IT MAY SURPRISE YOU, AFTER THE GOATS IN THE BATHROOM, THAT ROXANNA Cawley set a pleasant and even cultivated table. Against the grassy barrens she managed to coax forth string beans and acorn squash and to put them up in quantities reaching to late January—though of course everything lasted longer with old Dale gone. She also had sweet corn of a white variety I’d never seen before, a strain she liked for its tenderness and because it froze well right on the cob. Did you ever sit down to white cobbed corn, freshened with butter and salt, snow meantime beating the windows on the coldest evening of a cold new year? Faced with such fare I couldn’t even begrudge Roxanna her advocacy of pickled beets, a bowl of which she set down with restrained pride and expectation. Fortunately Dad proved fond of beets. You never know. We dined beneath a bronzed corona in which remained but one good bulb.
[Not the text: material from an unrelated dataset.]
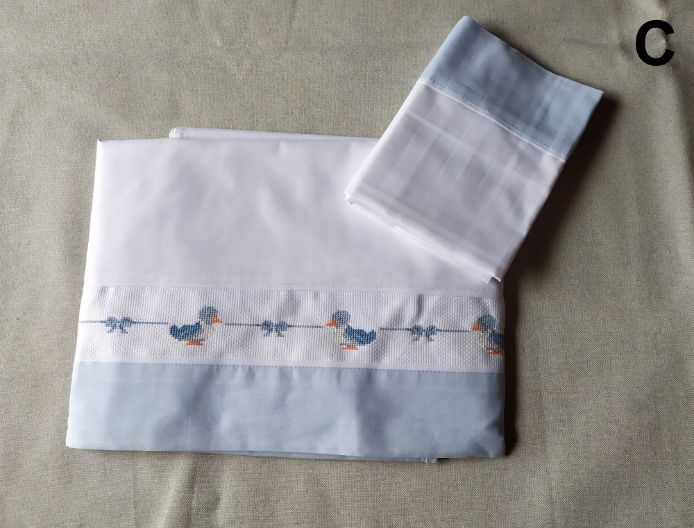 Conjunto de roupa de cama infantil branco e azul com bordado de patinhos

We ate roasted chicken, raised out back the previous summer, and tender potatoes brought by train from the Red River Valley, and gravy stirred up from the cracklings. I suppose it was a meal intended to impress, though you don’t think of a woman like Roxanna worrying about how her hospitality comes off; she hadn’t seemed at all ashamed about the goats. But she went to a lot of trouble for us, who were after all just one small family paying a few dollars for a night’s room and board. During that meal I saw Dad lean back in his chair and smile over and over again, an expression that grieved me somehow; Swede looked often at the windows, and I knew she was growing the storm in her mind, abetting it until the world should be slowed and the roads stopped and us buried at some happy length in the warmth and contentment of this house.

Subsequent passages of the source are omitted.